Picking up

Picking up

As restrictions relating to COVID-19 have started to ease in recent weeks, the region is slowly picking up business with visitors easing in to once again enjoying the outdoors.

While visitors have not exactly poured into the region, it is hoped that increased visitation over the recent Queen’s Birthday long weekend was the kickstart needed to rebuild after drought, fires and coronavirus.

Georgie Carlile, who operates Marlo Caravan Park and Motel with her partner, Mark Hadfield, said easing of restrictions has helped a little, but implores those in metropolitan areas to do the right thing so restrictions can be eased further and sooner rather than later.

“We had a few in over the long weekend, but we can’t open to full capacity because we can’t have campers and caravans that don’t have their own en suite,” Georgie said.

“We only had two other caravans in, apart from the two that are here permanently and had nowhere else to go during COVID, and we haven’t been able to open up our budget cabins at all because they are not self-contained.

“We’ve been fairly full otherwise with our deluxe cabins and motel units, though at least a quarter of them have workers in them. We’ve had half a dozen workers at a time here for most of COVID with the fire clean up continuing. That will hopefully continue until probably the end of the month, after that we’re not sure. We still have more than half a dozen workers here now.

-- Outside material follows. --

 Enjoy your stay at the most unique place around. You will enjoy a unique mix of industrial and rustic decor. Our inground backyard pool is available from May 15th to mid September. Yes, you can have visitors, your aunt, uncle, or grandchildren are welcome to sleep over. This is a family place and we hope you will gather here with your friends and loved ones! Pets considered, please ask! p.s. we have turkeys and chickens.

“The park is running on about half strength. If they keep causing trouble in the capital cities with thousands out protesting who knows when restrictions will ease again or if we’ll get a second wave.

“It’s extremely frustrating when we are here losing business and they can go and gather in their thousands.

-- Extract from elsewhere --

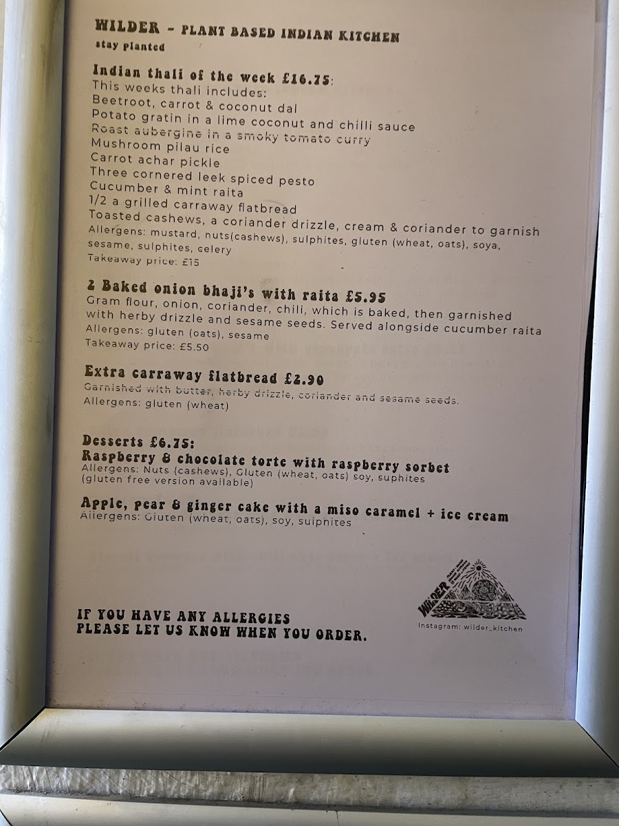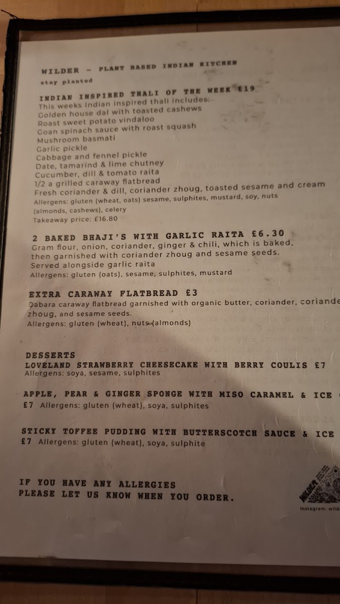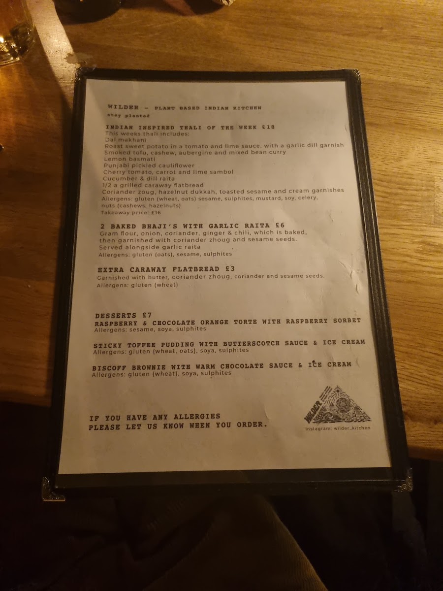 The menu at Wilder is a carefully curated selection of vibrant dishes made with locally sourced, seasonal ingredients. From spicy curries to comforting rice dishes, every plate promises a unique combination of bold spices and fresh vegetables. A standout is the "Jackfruit Tikka Masala," which replaces the usual meat with jackfruit, offering a tender texture and absorbing the rich, aromatic sauce beautifully. For a lighter option, try the "Cauliflower and Pea Samosas"-crispy on the outside, with a warm, fragrant filling inside.

“I do not have an issue with what they are protesting. Not at all. But the timing is wrong. When people can’t have large gatherings for weddings or even have a decent farewell at funerals, I think the it’s inappropriate for 20,000 people to be out protesting.”

Tabbara Lodge, in Marlo, had its four self-contained units fully booked over the long weekend, with Tabbara’s Tanya Coleman, declaring it a “good weekend”.

The easing of restrictions came at a good time with the long weekend, providing business during what is normally the quietest season for the area.

“June, July and August are generally our quieter months, so a lot of bookings isn’t expected, but we’ve got a few people coming in July and Christmas and New Year are already fully booked,” she said.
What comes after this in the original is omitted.